EXERCISE OBJECTIVE:
Beneath this instruction is a block of data; output from it exactly the lines that run from the one containing "Исток, магазин продуктов" through the one containing "Composición general: 12", inclusive.

ENTRIES SUPPLIED:
════
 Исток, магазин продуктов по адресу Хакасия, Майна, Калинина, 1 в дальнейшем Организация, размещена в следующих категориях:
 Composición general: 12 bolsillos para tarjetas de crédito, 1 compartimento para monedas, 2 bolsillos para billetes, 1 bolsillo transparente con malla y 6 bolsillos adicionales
════
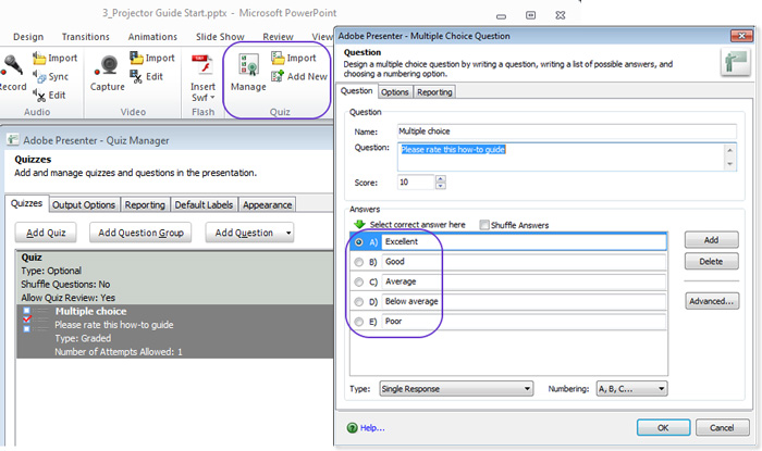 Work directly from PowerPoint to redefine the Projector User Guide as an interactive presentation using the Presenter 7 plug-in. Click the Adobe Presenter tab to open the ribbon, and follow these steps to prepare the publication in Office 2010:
════
ANSWER:
 Исток, магазин продуктов по адресу Хакасия, Майна, Калинина, 1 в дальнейшем Организация, размещена в следующих категориях:
 Composición general: 12 bolsillos para tarjetas de crédito, 1 compartimento para monedas, 2 bolsillos para billetes, 1 bolsillo transparente con malla y 6 bolsillos adicionales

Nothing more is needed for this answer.